(Data in this exercise)

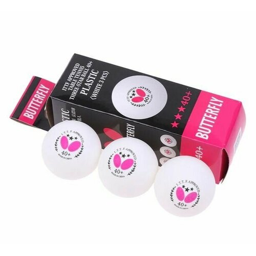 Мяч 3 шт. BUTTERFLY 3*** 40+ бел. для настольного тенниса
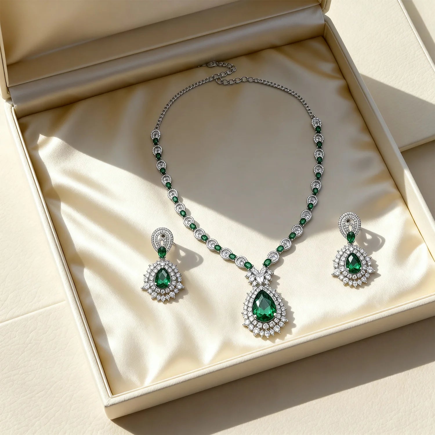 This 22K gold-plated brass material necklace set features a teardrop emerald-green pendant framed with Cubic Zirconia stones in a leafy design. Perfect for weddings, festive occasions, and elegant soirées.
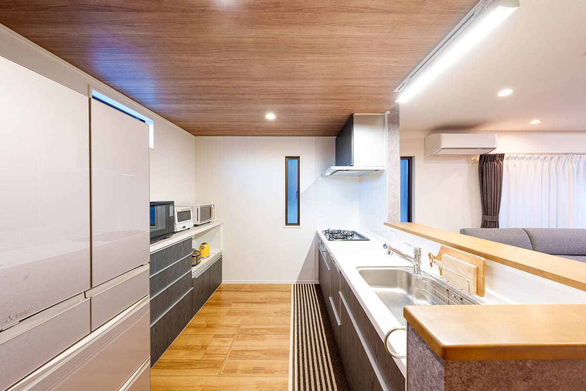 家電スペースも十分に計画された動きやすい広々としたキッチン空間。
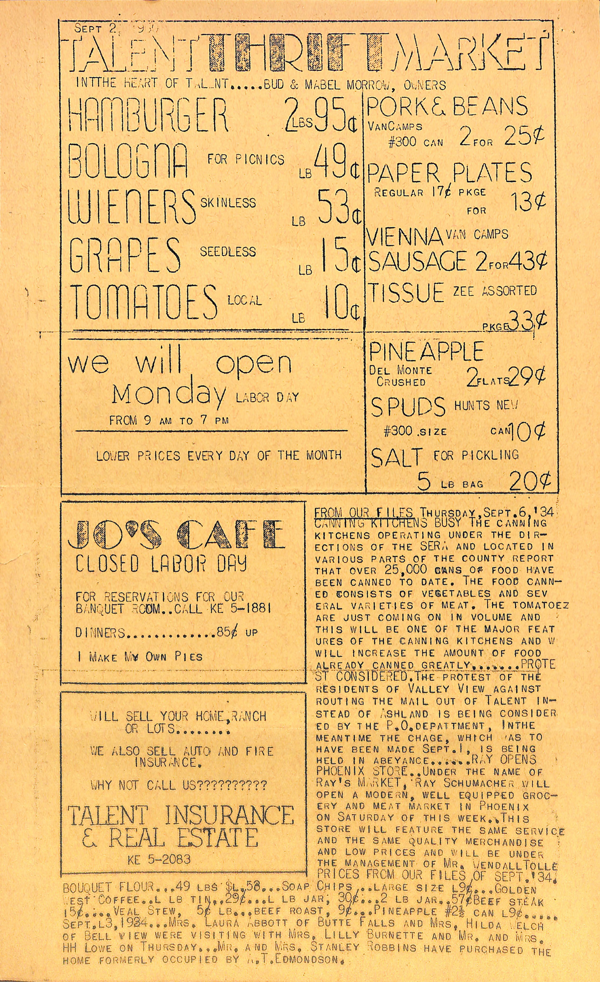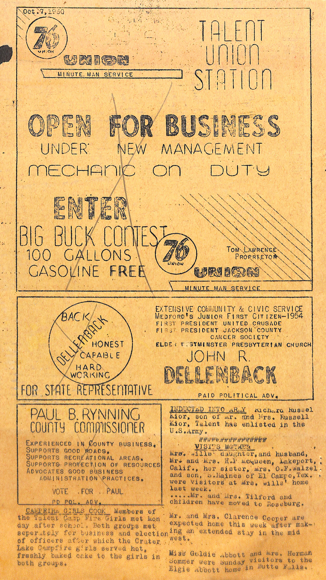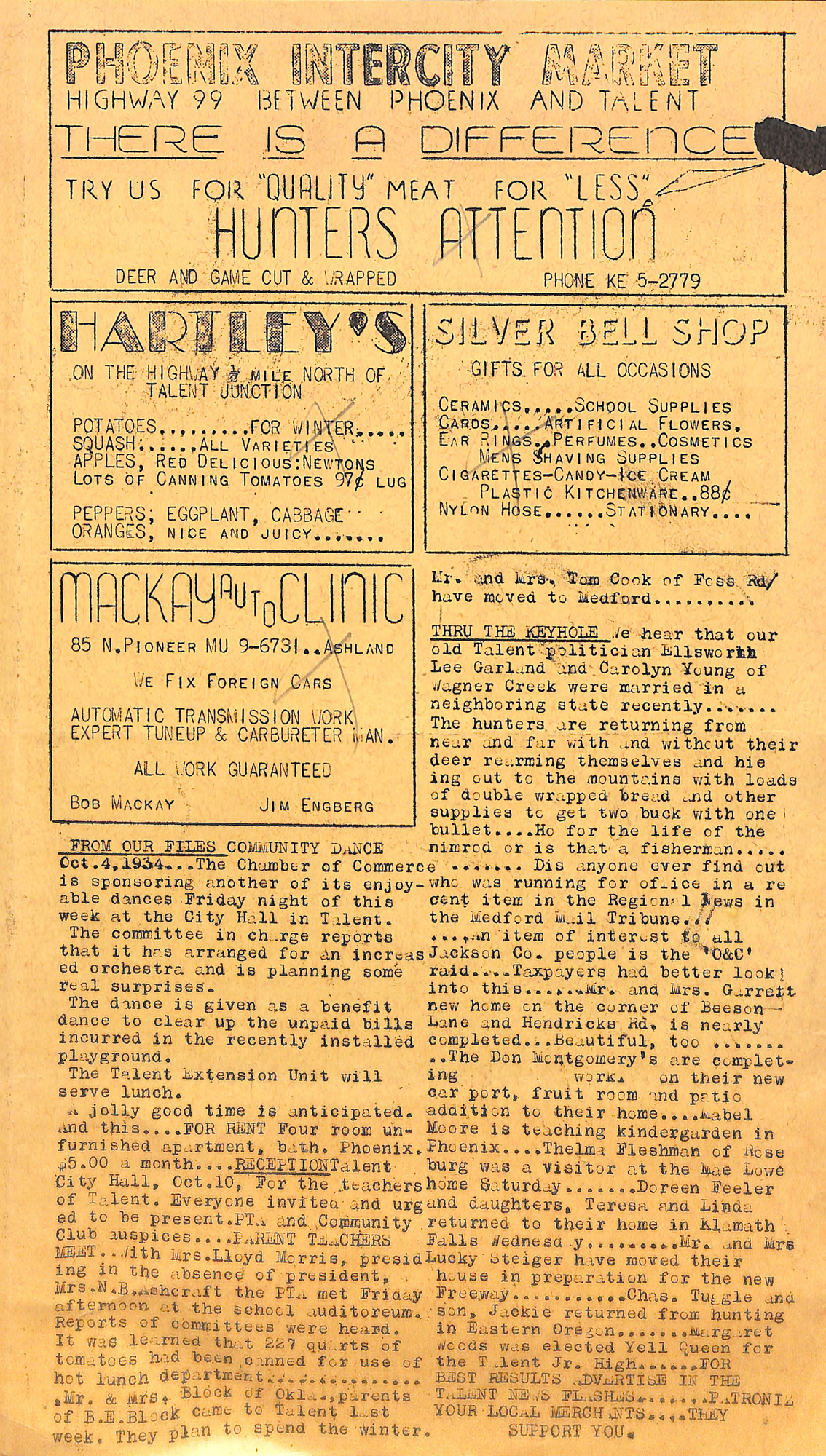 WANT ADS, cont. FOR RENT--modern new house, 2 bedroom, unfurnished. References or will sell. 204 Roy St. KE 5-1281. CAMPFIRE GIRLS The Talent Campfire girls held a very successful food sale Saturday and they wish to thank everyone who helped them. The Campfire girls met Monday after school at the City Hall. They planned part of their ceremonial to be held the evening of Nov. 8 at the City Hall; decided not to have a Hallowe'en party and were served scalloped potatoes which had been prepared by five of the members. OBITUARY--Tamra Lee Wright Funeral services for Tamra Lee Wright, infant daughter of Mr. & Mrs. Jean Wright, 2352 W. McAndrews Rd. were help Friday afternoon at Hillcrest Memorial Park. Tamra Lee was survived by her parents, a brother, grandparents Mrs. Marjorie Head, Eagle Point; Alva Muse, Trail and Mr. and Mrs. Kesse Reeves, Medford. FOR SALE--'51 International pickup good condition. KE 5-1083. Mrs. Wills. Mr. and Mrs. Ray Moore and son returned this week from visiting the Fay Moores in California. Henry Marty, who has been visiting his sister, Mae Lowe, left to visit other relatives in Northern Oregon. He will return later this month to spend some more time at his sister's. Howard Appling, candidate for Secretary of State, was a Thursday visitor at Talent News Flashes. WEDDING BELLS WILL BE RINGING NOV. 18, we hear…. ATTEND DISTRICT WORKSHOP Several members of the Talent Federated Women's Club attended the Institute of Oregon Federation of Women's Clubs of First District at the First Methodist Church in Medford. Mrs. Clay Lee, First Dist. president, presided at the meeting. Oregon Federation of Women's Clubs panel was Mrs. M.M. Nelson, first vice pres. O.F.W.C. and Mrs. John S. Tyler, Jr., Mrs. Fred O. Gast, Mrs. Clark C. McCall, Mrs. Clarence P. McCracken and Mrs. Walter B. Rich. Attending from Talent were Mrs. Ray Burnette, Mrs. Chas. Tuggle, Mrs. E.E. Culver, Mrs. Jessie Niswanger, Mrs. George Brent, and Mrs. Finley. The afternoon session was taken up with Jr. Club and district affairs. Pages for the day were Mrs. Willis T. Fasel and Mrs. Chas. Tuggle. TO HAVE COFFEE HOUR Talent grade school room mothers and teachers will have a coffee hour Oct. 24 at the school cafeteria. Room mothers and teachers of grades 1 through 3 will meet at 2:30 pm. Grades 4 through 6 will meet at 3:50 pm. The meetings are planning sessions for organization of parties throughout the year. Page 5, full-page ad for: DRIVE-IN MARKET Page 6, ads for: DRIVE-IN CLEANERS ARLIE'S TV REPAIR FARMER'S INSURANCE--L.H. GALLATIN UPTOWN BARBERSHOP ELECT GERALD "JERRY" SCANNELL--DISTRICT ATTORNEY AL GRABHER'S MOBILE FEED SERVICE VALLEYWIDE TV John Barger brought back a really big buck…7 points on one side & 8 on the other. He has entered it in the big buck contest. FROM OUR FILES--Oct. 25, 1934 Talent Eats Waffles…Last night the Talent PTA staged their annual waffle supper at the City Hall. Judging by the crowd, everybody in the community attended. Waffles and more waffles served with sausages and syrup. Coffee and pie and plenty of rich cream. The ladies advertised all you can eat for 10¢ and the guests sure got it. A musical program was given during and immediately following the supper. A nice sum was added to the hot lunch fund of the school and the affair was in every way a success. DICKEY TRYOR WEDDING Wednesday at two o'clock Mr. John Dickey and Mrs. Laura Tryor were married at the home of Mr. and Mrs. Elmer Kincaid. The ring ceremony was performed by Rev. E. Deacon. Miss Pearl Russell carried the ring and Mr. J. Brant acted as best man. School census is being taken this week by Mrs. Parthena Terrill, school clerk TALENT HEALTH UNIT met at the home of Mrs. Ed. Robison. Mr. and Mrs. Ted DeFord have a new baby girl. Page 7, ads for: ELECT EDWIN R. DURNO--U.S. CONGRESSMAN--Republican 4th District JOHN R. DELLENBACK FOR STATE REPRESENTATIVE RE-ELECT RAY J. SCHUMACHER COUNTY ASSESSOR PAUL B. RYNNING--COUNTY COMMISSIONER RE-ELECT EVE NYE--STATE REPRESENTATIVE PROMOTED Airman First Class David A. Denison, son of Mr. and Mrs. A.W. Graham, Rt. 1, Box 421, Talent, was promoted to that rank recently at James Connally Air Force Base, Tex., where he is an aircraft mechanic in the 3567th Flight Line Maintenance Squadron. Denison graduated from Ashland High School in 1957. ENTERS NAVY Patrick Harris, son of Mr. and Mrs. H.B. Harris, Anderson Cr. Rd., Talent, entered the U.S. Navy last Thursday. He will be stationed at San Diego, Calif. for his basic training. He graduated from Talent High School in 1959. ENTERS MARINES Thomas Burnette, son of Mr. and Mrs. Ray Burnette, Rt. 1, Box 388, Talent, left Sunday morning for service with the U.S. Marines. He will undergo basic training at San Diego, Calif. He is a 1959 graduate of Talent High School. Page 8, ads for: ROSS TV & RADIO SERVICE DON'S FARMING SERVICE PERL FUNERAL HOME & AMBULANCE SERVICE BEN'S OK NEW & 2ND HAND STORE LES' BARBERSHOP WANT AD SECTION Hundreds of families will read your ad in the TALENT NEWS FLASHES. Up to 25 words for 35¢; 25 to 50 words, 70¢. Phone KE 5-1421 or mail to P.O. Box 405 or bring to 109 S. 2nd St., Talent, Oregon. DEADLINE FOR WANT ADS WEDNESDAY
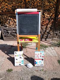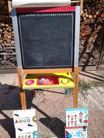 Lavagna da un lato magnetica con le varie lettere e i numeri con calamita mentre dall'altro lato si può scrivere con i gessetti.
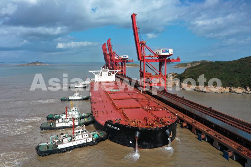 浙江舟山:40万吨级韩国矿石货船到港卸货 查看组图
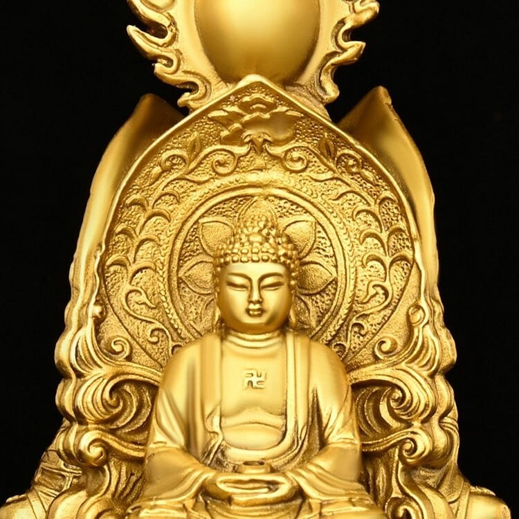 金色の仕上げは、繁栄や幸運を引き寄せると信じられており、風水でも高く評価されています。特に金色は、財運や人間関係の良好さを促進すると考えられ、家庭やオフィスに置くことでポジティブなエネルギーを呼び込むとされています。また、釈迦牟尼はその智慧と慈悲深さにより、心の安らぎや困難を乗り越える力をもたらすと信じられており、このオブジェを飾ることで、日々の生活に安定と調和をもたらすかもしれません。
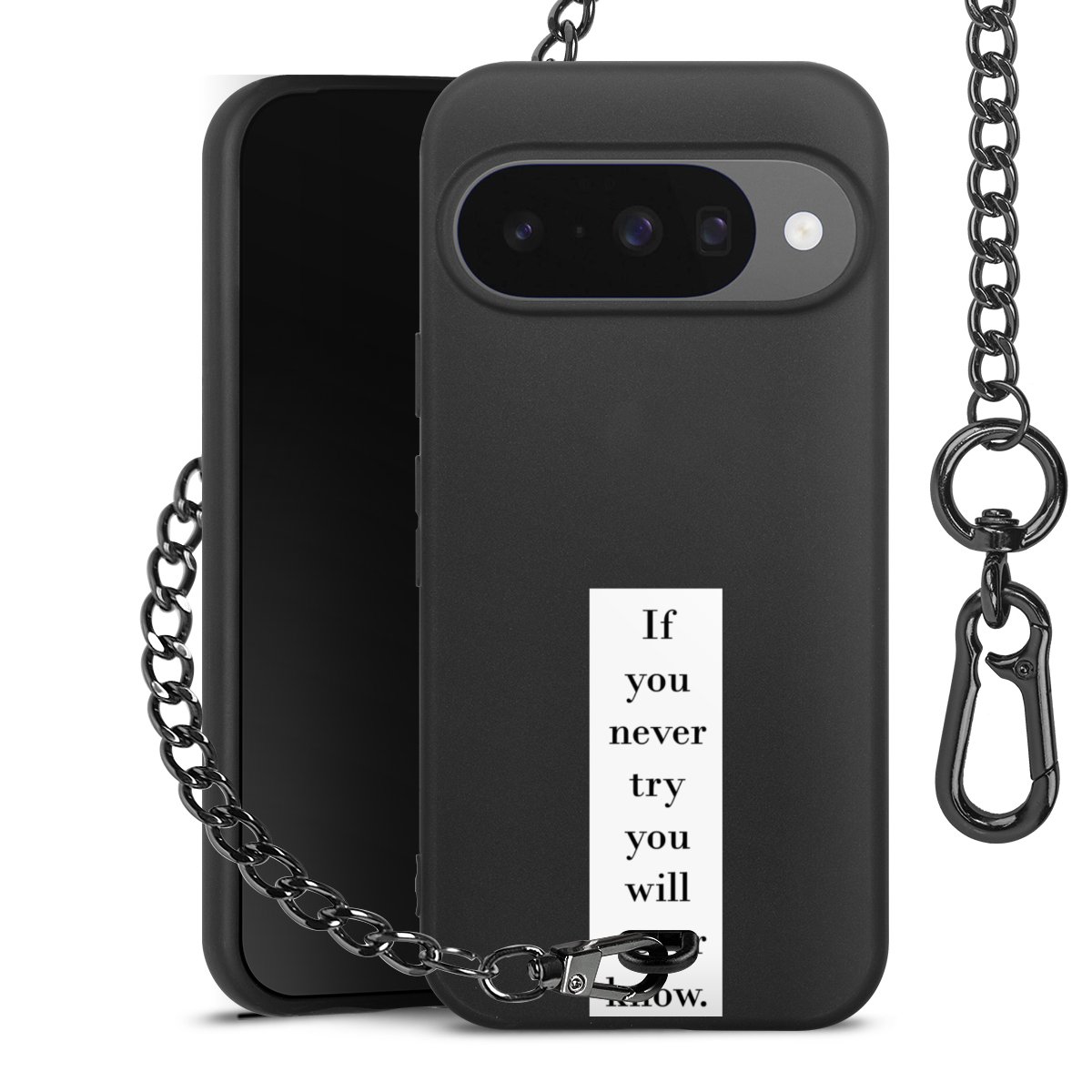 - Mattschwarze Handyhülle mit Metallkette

(End Data in this exercise)

Starting at the first entry above and ending at the last, write everything out exactly except the pictures.

 Мяч 3 шт. BUTTERFLY 3*** 40+ бел. для настольного тенниса
 This 22K gold-plated brass material necklace set features a teardrop emerald-green pendant framed with Cubic Zirconia stones in a leafy design. Perfect for weddings, festive occasions, and elegant soirées.
 家電スペースも十分に計画された動きやすい広々としたキッチン空間。
 WANT ADS, cont. FOR RENT--modern new house, 2 bedroom, unfurnished. References or will sell. 204 Roy St. KE 5-1281. CAMPFIRE GIRLS The Talent Campfire girls held a very successful food sale Saturday and they wish to thank everyone who helped them. The Campfire girls met Monday after school at the City Hall. They planned part of their ceremonial to be held the evening of Nov. 8 at the City Hall; decided not to have a Hallowe'en party and were served scalloped potatoes which had been prepared by five of the members. OBITUARY--Tamra Lee Wright Funeral services for Tamra Lee Wright, infant daughter of Mr. & Mrs. Jean Wright, 2352 W. McAndrews Rd. were help Friday afternoon at Hillcrest Memorial Park. Tamra Lee was survived by her parents, a brother, grandparents Mrs. Marjorie Head, Eagle Point; Alva Muse, Trail and Mr. and Mrs. Kesse Reeves, Medford. FOR SALE--'51 International pickup good condition. KE 5-1083. Mrs. Wills. Mr. and Mrs. Ray Moore and son returned this week from visiting the Fay Moores in California. Henry Marty, who has been visiting his sister, Mae Lowe, left to visit other relatives in Northern Oregon. He will return later this month to spend some more time at his sister's. Howard Appling, candidate for Secretary of State, was a Thursday visitor at Talent News Flashes. WEDDING BELLS WILL BE RINGING NOV. 18, we hear…. ATTEND DISTRICT WORKSHOP Several members of the Talent Federated Women's Club attended the Institute of Oregon Federation of Women's Clubs of First District at the First Methodist Church in Medford. Mrs. Clay Lee, First Dist. president, presided at the meeting. Oregon Federation of Women's Clubs panel was Mrs. M.M. Nelson, first vice pres. O.F.W.C. and Mrs. John S. Tyler, Jr., Mrs. Fred O. Gast, Mrs. Clark C. McCall, Mrs. Clarence P. McCracken and Mrs. Walter B. Rich. Attending from Talent were Mrs. Ray Burnette, Mrs. Chas. Tuggle, Mrs. E.E. Culver, Mrs. Jessie Niswanger, Mrs. George Brent, and Mrs. Finley. The afternoon session was taken up with Jr. Club and district affairs. Pages for the day were Mrs. Willis T. Fasel and Mrs. Chas. Tuggle. TO HAVE COFFEE HOUR Talent grade school room mothers and teachers will have a coffee hour Oct. 24 at the school cafeteria. Room mothers and teachers of grades 1 through 3 will meet at 2:30 pm. Grades 4 through 6 will meet at 3:50 pm. The meetings are planning sessions for organization of parties throughout the year. Page 5, full-page ad for: DRIVE-IN MARKET Page 6, ads for: DRIVE-IN CLEANERS ARLIE'S TV REPAIR FARMER'S INSURANCE--L.H. GALLATIN UPTOWN BARBERSHOP ELECT GERALD "JERRY" SCANNELL--DISTRICT ATTORNEY AL GRABHER'S MOBILE FEED SERVICE VALLEYWIDE TV John Barger brought back a really big buck…7 points on one side & 8 on the other. He has entered it in the big buck contest. FROM OUR FILES--Oct. 25, 1934 Talent Eats Waffles…Last night the Talent PTA staged their annual waffle supper at the City Hall. Judging by the crowd, everybody in the community attended. Waffles and more waffles served with sausages and syrup. Coffee and pie and plenty of rich cream. The ladies advertised all you can eat for 10¢ and the guests sure got it. A musical program was given during and immediately following the supper. A nice sum was added to the hot lunch fund of the school and the affair was in every way a success. DICKEY TRYOR WEDDING Wednesday at two o'clock Mr. John Dickey and Mrs. Laura Tryor were married at the home of Mr. and Mrs. Elmer Kincaid. The ring ceremony was performed by Rev. E. Deacon. Miss Pearl Russell carried the ring and Mr. J. Brant acted as best man. School census is being taken this week by Mrs. Parthena Terrill, school clerk TALENT HEALTH UNIT met at the home of Mrs. Ed. Robison. Mr. and Mrs. Ted DeFord have a new baby girl. Page 7, ads for: ELECT EDWIN R. DURNO--U.S. CONGRESSMAN--Republican 4th District JOHN R. DELLENBACK FOR STATE REPRESENTATIVE RE-ELECT RAY J. SCHUMACHER COUNTY ASSESSOR PAUL B. RYNNING--COUNTY COMMISSIONER RE-ELECT EVE NYE--STATE REPRESENTATIVE PROMOTED Airman First Class David A. Denison, son of Mr. and Mrs. A.W. Graham, Rt. 1, Box 421, Talent, was promoted to that rank recently at James Connally Air Force Base, Tex., where he is an aircraft mechanic in the 3567th Flight Line Maintenance Squadron. Denison graduated from Ashland High School in 1957. ENTERS NAVY Patrick Harris, son of Mr. and Mrs. H.B. Harris, Anderson Cr. Rd., Talent, entered the U.S. Navy last Thursday. He will be stationed at San Diego, Calif. for his basic training. He graduated from Talent High School in 1959. ENTERS MARINES Thomas Burnette, son of Mr. and Mrs. Ray Burnette, Rt. 1, Box 388, Talent, left Sunday morning for service with the U.S. Marines. He will undergo basic training at San Diego, Calif. He is a 1959 graduate of Talent High School. Page 8, ads for: ROSS TV & RADIO SERVICE DON'S FARMING SERVICE PERL FUNERAL HOME & AMBULANCE SERVICE BEN'S OK NEW & 2ND HAND STORE LES' BARBERSHOP WANT AD SECTION Hundreds of families will read your ad in the TALENT NEWS FLASHES. Up to 25 words for 35¢; 25 to 50 words, 70¢. Phone KE 5-1421 or mail to P.O. Box 405 or bring to 109 S. 2nd St., Talent, Oregon. DEADLINE FOR WANT ADS WEDNESDAY
 Lavagna da un lato magnetica con le varie lettere e i numeri con calamita mentre dall'altro lato si può scrivere con i gessetti.
 浙江舟山:40万吨级韩国矿石货船到港卸货 查看组图
 金色の仕上げは、繁栄や幸運を引き寄せると信じられており、風水でも高く評価されています。特に金色は、財運や人間関係の良好さを促進すると考えられ、家庭やオフィスに置くことでポジティブなエネルギーを呼び込むとされています。また、釈迦牟尼はその智慧と慈悲深さにより、心の安らぎや困難を乗り越える力をもたらすと信じられており、このオブジェを飾ることで、日々の生活に安定と調和をもたらすかもしれません。
 - Mattschwarze Handyhülle mit Metallkette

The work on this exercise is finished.